Design: Prospective cohort study.
Participants: The authors tested 100 mothers for red cell folate levels at the end of the first trimester and folate intake was assessed throughout their pregnancies. Head circumference of the newborns was measured and weight was measured at birth and 9 months of age. At 8.7 years of age, the mothers were then asked to complete a questionnaire on the behavior of their children covering hyperactivity, emotional symptoms, conduct problems, and peer problems. The authors controlled for maternal smoking, alcohol consumption and gender.

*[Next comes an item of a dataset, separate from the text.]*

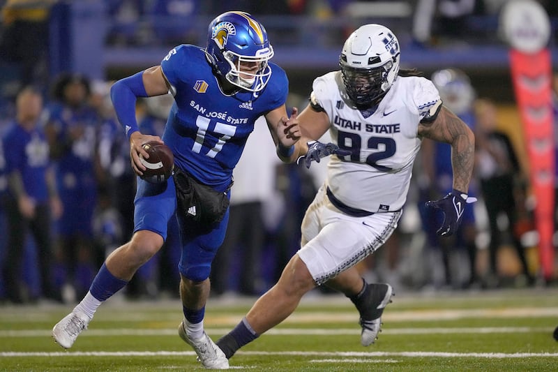 “Losing a guy like Marcus Moore up front, we all know the talent he had,” Utah State defensive coordinator Ephraim Banda said. “And Nick Heninger is a frickin’ superstar.”

Red cell folate levels and total folate intake levels were both found to be lower in the mothers of those children later reported to have high levels of hyperactivity and peer problems. The range of folate intake for mothers was 328.5mcg-624.4mcg in early pregnancy and 269.9-410.0mcg in late pregnancy. Controlling for mother’s smoking and drinking alcohol during pregnancy did not change the results.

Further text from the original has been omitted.